To hurt innocent people whom I knew many years ago in order to save myself is, to me, inhuman and indecent and dishonorable. I cannot and will not cut my conscience to fit this year’s fashions, even though I long ago came to the conclusion that I was not a political person and could have no comfortable place in any political group.(4)

Well, not really: she was indeed a convinced fellow traveler. So be it. But in consequence, Hellman’s name wound up on Hollywood’s blacklist and she was stuck with an inexplicable bill by the IRS. She survived and her plays such as The Little Foxes and The Children’s Hour continue in performance the world over.

A disabled veteran of World War I, Dashiell Hammett again enlisted in the Second World War at the age of 48, became a sergeant and was stashed away in the Aleutians, suspected of “pre-mature anti-Fascism.” After the war, he was a member of the Civil Rights Congress, a liberal political group that was targeted by the FBI as being a communist front. When he refused to name contributors to the organization and was sentenced to six months in jail.
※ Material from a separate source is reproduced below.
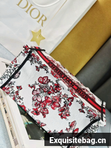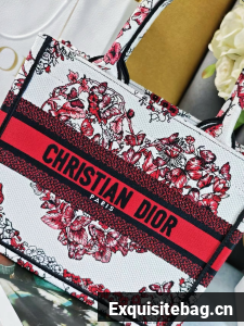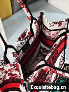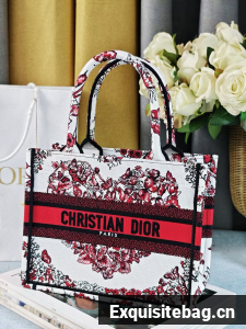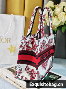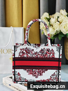 :: SMALL DIOR BOOK TOTEWhite and Red Le Coeur des Papillons Embroidery M1296ZRf
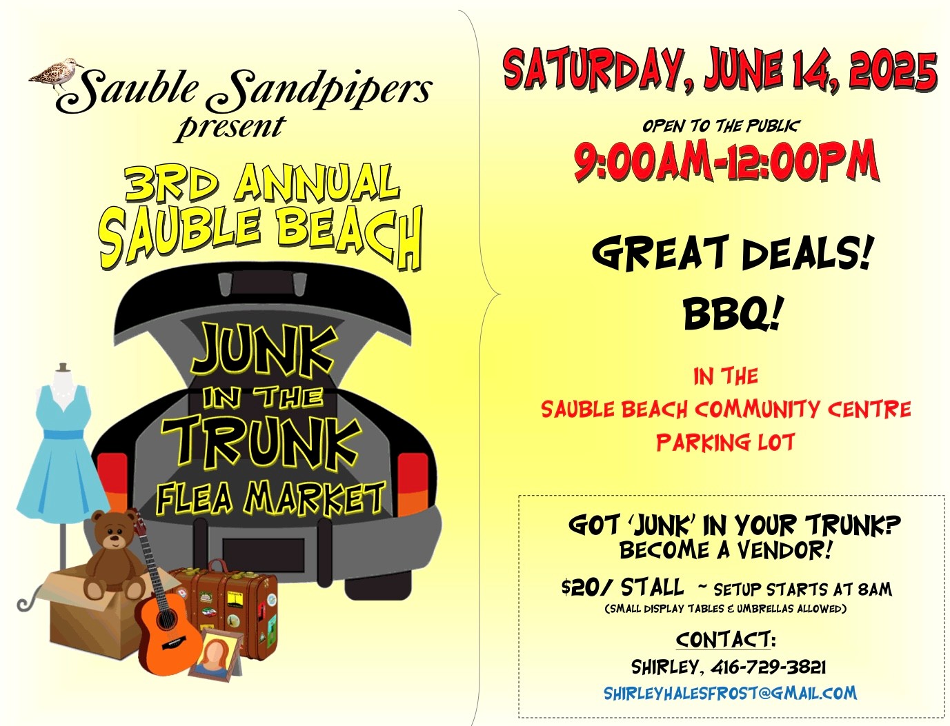 The Sauble Sandpipers are excited to present the 3rd Annual Sauble Beach Junk in the Trunk Flea Market. Come out for the Great deals and delicious BBQ

In a 1953 episode that has resonances with the political wars of 2008, Sen. Joseph McCarthy asked him if the government should fund purchases for library books written by avowed communist sympathizers. Hammett replied, “If I were fighting Communism, I don’t think I would do it by not giving people any books at all.”(18) His literary career dissolved in chronic lung disease and booze, and he died penniless in Katonah, New York, in 1961. According to his wishes, this “pinko” father of Nick and Nora, the lover of Lillian Hellman, was buried in Section 12 of Arlington National Cemetery. FBI Director J. Edgar Hoover attempted to block the burial but was overruled by the Dept. of Veterans Affairs.(18) His simple gravestone reads: SAMUEL D HAMMETT MARYLAND TEC 3 HO CO ALASKAN DEPT WORLD WAR I & II MAY 17 1894 JANUARY 10 1961.